A method for securely storing data D by means of a portable data carrier (20) on a terminal (10), wherein an attribute vector A and a master key MK are stored on the portable data carrier (20), the method comprising the following steps:

 deriving a key K from a predicate P and the master key MK by means of a key derivation function KDF, the predicate P being a Boolean function of the attribute vector A;

 encrypting the data D with the key K; and

 storing the encrypted data D together with the predicate P on the terminal (10).

2. The method of claim 1, wherein after encrypting the data D with the key K, the key K is destroyed.

3. The method of claim 1 or 2, wherein it is the master key MK is a global master key.

A method of accessing, by means of a portable data carrier (20), encrypted data D stored on a terminal (10) by a method according to claim 1, 2 or 3, the method comprising the steps of:

 extracting the predicate P from the encrypted data and the predicate P;

applying the predicate P to the attribute vector A; and if the attribute vector A satisfies the predicate P, deriving the key K from the predicate P and the master key MK by means of the keywords self-routing function KDF and decrypting the encrypted data D.

5. A method for the secure storage of data D by means of a portable data carrier (20) on a terminal (10), wherein on the portable data carrier (20) a predicate P and a master key MK are deposited, the method comprising the following steps :

 deriving a key K from an attribute vector A and the master key MK by means of a key derivation function KDF, the predicate P being a Boolean function of the attribute vector A;

 encrypting the data D with the key K; and

 storing the encrypted data D together with the attribute vector A on the terminal (10).

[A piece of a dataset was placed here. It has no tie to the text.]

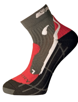
Ponožky ..... P XCN X-Country ŠEDÁ / ČERVENÁ / BÍLÁ • ŠEDÁ / BÍLÁ / ČERVENÁ

6. The method of claim 5, wherein after encrypting the data D with the key K, the key K is destroyed.

7. The method of claim 5 or 6, wherein it is the master key MK is a global master key.

A method of accessing, by means of a portable data carrier (20), encrypted data D stored on a terminal (10) by a method according to claim 5, 6 or 7, the method comprising the steps of:

 extracting the attribute vector A from the encrypted data

D and the attribute vector A;

applying the predicate P to the attribute vector A; and if the attribute vector A satisfies the predicate P, deriving the key K from the attribute vector A and the master key MK by means of the Key derivation function KDF and decrypting the encrypted data D.

A portable data carrier configured to store data D on a terminal in accordance with a method of any of claims 1 to 3 or 5 to 7 or to data D according to a method of claim 5 or 8 to access a terminal (10).

A terminal (10) adapted to receive data D according to a method of any one of claims 1 to 3 or 5 to 7 on the terminal

(10) or that data D is accessed on the terminal (10) according to a method of claim 5 or 8.